EXERCISE REQUIREMENTS:
With the pictures omitted, repeat exactly the lines below starting with the line that has "Personalise this elegant" and going on through the line that has "Celebrate Scotland and".

THE INPUT:
________________________________________

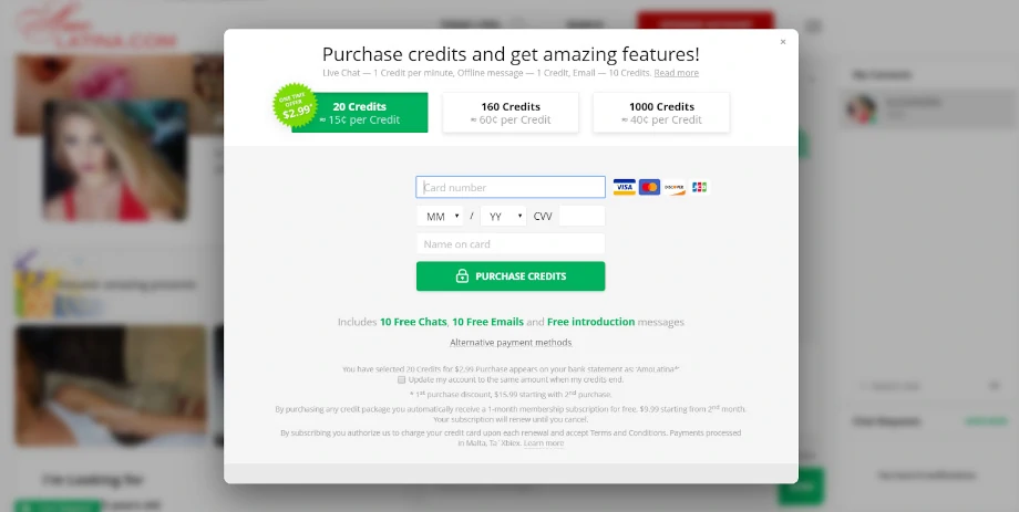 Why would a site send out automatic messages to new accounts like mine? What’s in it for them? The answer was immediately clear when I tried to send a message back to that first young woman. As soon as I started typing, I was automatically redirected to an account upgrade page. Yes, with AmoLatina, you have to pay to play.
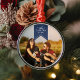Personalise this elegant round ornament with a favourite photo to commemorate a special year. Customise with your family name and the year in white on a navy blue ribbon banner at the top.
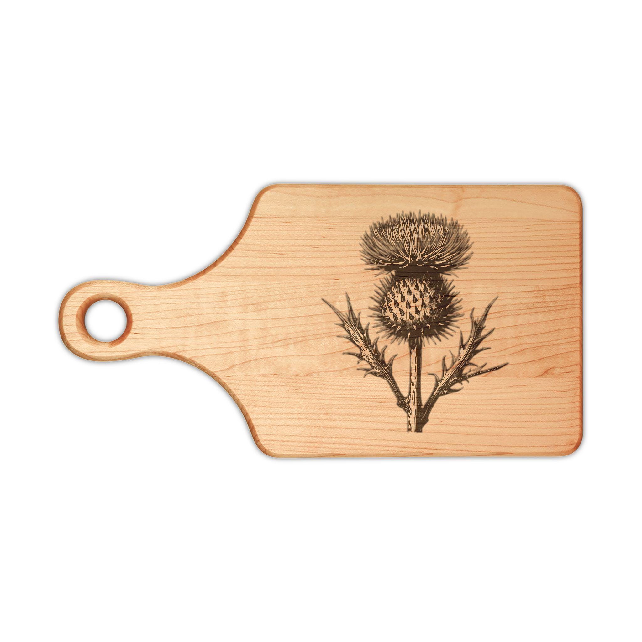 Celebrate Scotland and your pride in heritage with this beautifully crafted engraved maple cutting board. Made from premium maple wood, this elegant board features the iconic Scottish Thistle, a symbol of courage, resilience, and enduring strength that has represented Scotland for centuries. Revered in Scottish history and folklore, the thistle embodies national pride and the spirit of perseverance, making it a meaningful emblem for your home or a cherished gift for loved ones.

________________________________________

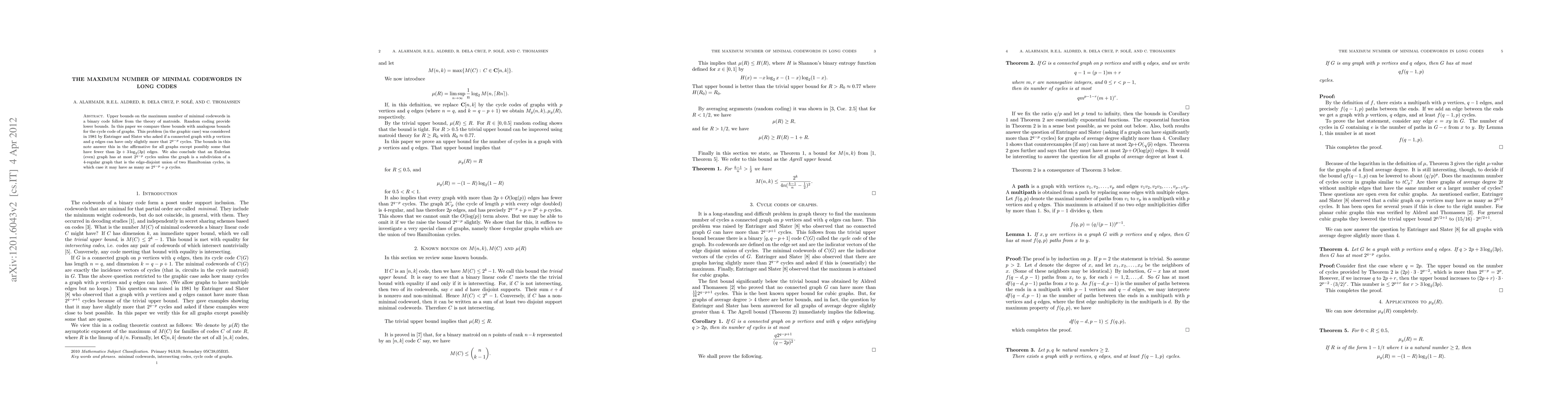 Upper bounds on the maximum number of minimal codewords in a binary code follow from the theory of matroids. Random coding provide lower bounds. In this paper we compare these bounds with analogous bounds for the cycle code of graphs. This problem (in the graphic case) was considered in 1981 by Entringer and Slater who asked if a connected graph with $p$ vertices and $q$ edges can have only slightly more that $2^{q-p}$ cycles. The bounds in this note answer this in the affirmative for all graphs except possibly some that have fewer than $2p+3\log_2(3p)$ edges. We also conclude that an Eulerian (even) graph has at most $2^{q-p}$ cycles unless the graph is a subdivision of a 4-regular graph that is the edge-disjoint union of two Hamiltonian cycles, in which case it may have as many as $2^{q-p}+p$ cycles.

________________________________________

ANSWER TO THIS EXERCISE:
Personalise this elegant round ornament with a favourite photo to commemorate a special year. Customise with your family name and the year in white on a navy blue ribbon banner at the top.
 Celebrate Scotland and your pride in heritage with this beautifully crafted engraved maple cutting board. Made from premium maple wood, this elegant board features the iconic Scottish Thistle, a symbol of courage, resilience, and enduring strength that has represented Scotland for centuries. Revered in Scottish history and folklore, the thistle embodies national pride and the spirit of perseverance, making it a meaningful emblem for your home or a cherished gift for loved ones.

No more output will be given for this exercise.